Röhrl: "Oh nein, eher im Gegenteil: Der fahrerische Anspruch ist riesig. Du musst ganz exakt fahren, egal ob es trocken ist oder Schnee hat. In Skandinavien kann man sich an den Schneewänden anlehnen, bei der Monte nicht. Geht's schief, landest du gleich ein Stockwerk tiefer."
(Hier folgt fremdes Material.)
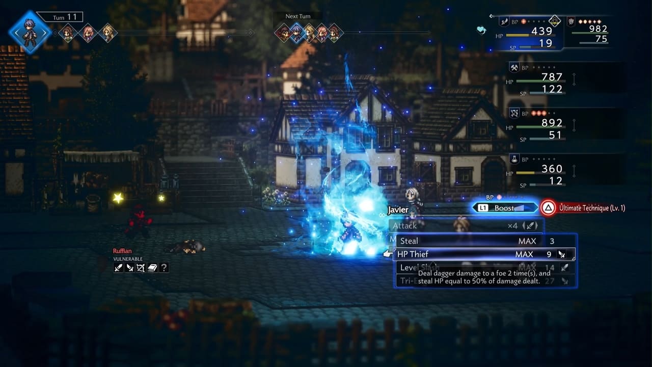 Aquí está el lo que fascina y de por qué Octopath Traveler 0 sigue siendo adictivo a las 80 horas. El sistema de combate por turnos continúa con lo que hizo funcionar a los juegos anteriores, pero añade complejidad.

"Der fahrerische Anspruch ist riesig. Du musst ganz exakt fahren." Walter Röhrl

Frage: "War das die richtige Aufgabe für einen Röhrl?"
Röhrl: "Die Monte war immer mein Traum. Zuerst bin ich zweimal zum Zuschauen runter gefahren. Abends um Sechs an den Turini und am nächsten Morgen wieder heim. Ich war völlig fasziniert. Eigentlich wollte ich nur einmal die Monte gewinnen, an einen WM-Titel habe ich nicht gedacht."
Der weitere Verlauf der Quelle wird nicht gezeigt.